CDN provider Velocix has announced the launch of a new product, called Velocix Metro. (I was first briefed on Metro almost eight months ago, so the official launch has been in the works for quite a while.)
Velocix Metro is essentially a turnkey managed CDN service, deployed at locations of an Internet service provider’s choice, and potentially embedded deep into that ISP’s network. The ISP gets a revenue share based on the traffic delivered via their networks from Velocix, plus the ability to do their own delivery from the deployed CDN nodes in their network. Velocix’s flagship customer for this service is Verizon.
You might recall that Velocix is a partner CDN to MediaMelon, which I discussed in the context of CDN overlays a few weeks ago. I believe that these kinds of federated networks are going to become increasingly common, because carriers are the natural choice to provide commoditized CDN services (due to their low network costs), and broadband service providers need some way to monetize the gargantuan and growing volumes of rich content being delivered to their end-user eyeballs.
The economics of the peering ecosystem make it very hard for broadband providers to raise the price of bandwidth bought by content providers, and intermodal competition (i.e., DSL/FiOS vs. cable) creates pricing competition that makes it hard to charge end-users more. So broadband providers need to find another out, and offering up their own CDNs, and thus faster access to their eyeballs, is certainly a reasonable approach. (That means that over the long term, providers that deploy their own CDNs are probably going to be less friendly about placing gear from other CDNs deep within their networks, especially if it’s for free.)
We are entering the period of the rise of the local CDN — CDNs with deep but strictly regional penetration. For instance, if you’re a broadcaster in Italy, with Italian-language programming, you probably aren’t trying to deliver to the world and you don’t want to pay the prices necessary to do so; you want deep coverage within Italy and other Italian-speaking countries, and that’s it. An overlay or federated approach makes it possible to tie together CDNs owned by incumbent regional carriers, giving you delivery in just the places you care about. And that, in turn, creates a compelling business case for every large network provider to have a CDN of their own. Velocix, along with other vendors who can provide turnkey solutions to providers who want to build their own CDN networks, ought to benefit from that shift.
5 responses so far ↓
1 Jamie // Dec 12, 2008 at 3:30 am
Actually this is not new. VDO-X is the CDN in a Box concept for ISP’s. See http://www.vdo-x.net.
2 Lydia Leong // Dec 12, 2008 at 11:01 am
I’d consider Velocix to have beat JetStream/StreamZilla’s VDO-X to market, but broadly, CDN-enabling-for-ISPs has been around forever, and the concept of the business model around federation and revenue-sharing dates all the way back to the dot-com boom. It’s just taken this second proliferation of CDN companies to bring it back to the forefront, in an environment where there’s been a lot of ISP consolidation.

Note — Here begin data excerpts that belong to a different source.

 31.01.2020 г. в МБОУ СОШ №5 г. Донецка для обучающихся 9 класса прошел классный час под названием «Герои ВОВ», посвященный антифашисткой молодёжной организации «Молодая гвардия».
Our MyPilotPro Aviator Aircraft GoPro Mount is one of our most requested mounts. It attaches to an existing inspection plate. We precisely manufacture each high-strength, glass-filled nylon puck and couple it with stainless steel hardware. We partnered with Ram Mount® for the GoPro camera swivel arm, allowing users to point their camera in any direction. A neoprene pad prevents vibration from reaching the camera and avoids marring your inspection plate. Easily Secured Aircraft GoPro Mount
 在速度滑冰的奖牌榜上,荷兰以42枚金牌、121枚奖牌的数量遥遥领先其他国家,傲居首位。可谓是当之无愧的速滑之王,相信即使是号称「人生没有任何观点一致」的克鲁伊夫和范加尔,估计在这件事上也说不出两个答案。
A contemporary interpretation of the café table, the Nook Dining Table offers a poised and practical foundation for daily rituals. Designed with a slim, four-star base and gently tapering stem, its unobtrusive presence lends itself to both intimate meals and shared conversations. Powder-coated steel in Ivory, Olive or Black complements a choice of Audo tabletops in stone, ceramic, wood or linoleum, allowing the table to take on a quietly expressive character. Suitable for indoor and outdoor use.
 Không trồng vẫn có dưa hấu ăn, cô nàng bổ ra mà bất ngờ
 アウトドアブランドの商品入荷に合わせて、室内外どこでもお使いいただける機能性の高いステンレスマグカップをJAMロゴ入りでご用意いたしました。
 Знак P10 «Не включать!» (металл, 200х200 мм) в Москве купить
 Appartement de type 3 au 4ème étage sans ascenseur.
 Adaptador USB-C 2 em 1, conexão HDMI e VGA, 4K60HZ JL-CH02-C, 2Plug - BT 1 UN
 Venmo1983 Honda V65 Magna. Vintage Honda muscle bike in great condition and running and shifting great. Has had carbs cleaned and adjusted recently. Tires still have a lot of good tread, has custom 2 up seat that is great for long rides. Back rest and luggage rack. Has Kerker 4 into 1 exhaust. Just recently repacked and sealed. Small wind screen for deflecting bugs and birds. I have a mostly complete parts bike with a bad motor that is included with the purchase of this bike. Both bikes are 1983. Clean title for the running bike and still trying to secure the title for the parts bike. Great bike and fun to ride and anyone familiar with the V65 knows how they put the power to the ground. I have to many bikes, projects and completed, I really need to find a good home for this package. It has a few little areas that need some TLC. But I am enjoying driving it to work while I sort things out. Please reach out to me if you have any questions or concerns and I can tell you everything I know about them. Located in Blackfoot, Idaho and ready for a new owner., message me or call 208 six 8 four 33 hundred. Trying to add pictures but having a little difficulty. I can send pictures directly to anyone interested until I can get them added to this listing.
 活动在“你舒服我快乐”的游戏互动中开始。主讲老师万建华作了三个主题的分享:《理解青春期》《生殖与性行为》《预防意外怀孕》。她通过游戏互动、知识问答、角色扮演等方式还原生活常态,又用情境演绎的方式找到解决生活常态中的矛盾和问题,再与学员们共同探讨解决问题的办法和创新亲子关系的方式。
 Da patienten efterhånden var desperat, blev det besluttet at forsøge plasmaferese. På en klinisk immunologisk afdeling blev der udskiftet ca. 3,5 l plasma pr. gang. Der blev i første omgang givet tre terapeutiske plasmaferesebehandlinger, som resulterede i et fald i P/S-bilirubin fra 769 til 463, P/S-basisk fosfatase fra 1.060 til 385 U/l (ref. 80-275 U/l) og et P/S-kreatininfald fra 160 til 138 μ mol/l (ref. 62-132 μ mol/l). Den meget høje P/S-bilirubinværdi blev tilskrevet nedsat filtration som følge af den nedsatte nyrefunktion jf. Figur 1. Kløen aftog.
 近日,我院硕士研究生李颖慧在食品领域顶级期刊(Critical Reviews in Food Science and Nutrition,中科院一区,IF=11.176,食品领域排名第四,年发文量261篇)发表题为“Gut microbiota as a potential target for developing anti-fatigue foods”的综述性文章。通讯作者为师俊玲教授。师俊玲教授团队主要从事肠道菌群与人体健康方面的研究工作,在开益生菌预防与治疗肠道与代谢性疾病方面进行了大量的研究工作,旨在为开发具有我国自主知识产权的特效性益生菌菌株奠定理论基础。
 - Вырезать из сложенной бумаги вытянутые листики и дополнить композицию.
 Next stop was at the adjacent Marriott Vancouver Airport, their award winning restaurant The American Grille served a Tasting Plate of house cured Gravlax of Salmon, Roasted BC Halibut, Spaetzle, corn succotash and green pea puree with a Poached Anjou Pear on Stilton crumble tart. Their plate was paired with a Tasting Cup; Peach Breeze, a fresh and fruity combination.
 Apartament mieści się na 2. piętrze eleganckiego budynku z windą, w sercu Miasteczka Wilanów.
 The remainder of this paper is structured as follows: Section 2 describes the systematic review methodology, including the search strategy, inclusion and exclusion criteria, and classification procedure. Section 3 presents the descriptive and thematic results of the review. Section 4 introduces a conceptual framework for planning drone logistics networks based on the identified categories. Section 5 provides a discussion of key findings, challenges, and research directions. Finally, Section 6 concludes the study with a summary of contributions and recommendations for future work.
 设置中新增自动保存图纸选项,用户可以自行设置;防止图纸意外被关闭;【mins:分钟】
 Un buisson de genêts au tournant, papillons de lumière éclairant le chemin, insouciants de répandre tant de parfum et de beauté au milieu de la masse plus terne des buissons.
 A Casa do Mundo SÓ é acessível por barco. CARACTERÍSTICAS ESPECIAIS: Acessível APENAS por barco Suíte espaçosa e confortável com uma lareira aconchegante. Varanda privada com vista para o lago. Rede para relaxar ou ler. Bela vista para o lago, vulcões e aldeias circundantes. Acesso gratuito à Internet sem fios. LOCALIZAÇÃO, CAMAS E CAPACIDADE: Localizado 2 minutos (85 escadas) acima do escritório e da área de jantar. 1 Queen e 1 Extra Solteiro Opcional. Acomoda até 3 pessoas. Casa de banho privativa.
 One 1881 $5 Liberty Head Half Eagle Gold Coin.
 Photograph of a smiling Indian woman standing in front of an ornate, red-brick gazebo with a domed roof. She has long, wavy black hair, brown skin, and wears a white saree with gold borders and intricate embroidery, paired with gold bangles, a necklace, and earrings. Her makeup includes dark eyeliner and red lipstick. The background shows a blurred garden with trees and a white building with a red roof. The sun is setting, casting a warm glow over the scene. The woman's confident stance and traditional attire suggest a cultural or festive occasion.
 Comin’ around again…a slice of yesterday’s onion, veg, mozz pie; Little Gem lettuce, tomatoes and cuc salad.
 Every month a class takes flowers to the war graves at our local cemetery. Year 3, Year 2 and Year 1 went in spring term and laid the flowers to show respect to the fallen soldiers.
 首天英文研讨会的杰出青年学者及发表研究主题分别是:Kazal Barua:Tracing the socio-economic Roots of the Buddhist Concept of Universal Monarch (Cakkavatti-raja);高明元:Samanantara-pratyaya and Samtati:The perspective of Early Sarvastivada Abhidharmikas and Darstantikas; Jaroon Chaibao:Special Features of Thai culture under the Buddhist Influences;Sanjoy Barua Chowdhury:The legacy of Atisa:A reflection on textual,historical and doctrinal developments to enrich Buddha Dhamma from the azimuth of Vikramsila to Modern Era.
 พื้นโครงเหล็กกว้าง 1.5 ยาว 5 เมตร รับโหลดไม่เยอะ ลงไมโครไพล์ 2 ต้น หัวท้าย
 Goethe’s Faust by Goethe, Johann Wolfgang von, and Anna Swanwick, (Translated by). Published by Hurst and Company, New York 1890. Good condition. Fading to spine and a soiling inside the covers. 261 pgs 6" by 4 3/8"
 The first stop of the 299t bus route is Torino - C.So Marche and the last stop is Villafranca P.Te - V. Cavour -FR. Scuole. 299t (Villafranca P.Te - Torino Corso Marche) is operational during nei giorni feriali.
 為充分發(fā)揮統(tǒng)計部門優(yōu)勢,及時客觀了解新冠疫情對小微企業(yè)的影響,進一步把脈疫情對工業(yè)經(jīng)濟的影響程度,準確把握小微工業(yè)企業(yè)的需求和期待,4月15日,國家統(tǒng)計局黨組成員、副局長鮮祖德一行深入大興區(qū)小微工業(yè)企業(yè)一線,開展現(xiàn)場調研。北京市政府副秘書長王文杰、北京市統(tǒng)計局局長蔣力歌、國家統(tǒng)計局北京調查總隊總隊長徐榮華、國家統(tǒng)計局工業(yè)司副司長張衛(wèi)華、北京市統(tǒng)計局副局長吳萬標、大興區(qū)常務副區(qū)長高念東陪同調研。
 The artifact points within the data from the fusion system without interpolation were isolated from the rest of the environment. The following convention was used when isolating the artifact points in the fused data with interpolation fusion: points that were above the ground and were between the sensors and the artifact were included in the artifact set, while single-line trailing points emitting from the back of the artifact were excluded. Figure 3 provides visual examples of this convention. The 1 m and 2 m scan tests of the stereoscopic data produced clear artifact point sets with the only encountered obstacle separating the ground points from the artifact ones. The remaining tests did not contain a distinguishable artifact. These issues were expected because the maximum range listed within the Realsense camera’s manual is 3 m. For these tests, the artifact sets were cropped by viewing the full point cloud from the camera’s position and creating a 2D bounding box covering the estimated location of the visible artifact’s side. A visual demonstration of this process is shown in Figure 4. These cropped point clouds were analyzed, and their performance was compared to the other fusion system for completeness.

3 Larry James // Dec 19, 2008 at 4:25 am
I dont think that Veloxic beat VDOX to the market, I heard that VDOX is powering half a dozen of CDNs in Europe already.
Licensing CDN tech to ISPs is a good strategy. That is a good market, think of all the enterprise extranets.
Looks like VDOX has the edge. It can be setup within days and the customer can manage the CDN.
4 John Dilon // Feb 19, 2009 at 9:12 am
I presume Larry works for VDO-X or is their biggest fan???!!!
Velocix is already engaged with the BBC and a number of regional ISPs in the UK and Verizon recently announced that they were adopting Velocix Metro to build their own CDN capability.
A key advantage of the Velocix solution is that it can provide both enabling technology for an ISP to CDN enable their network and also provide interconnectivity beyond their access network via the globally deployed Velocix CDN.
This capability provides several advantages:
It means that the ISP doesn’t have to invest unnecessarily to to cope with traffic peaks that may occur infrequently or unexpectedly. It can instead set up fallback arrangements so that in such situations, delivery falls back from their CDN to the Velocix CDN.
It also means that they can deliver their content to subscribers on other ISP networks, either in the same region or in other geographies.
In addition, they can benefit from revenue sharing arrangements with Velocix for our traffic delivered to their customers.
Without this interconnectivity, ISP CDNs create disconnected islands and don’t allow them to benefit fully from the infrastructure investment they are making or plan to make.
John Dillon, CMO at Velocix.
5 Stef // Jul 20, 2009 at 11:24 am
Hi John,
That is how VDO-X works as well. We have built-in a feature called CDN resources sharing. Some models:
- CDNs can offer a private CDN within their CDN. That is our CDN in a Box concept.
- CDNs can overflow traffic towards each other and to our StreamZilla CDN, and vice versa.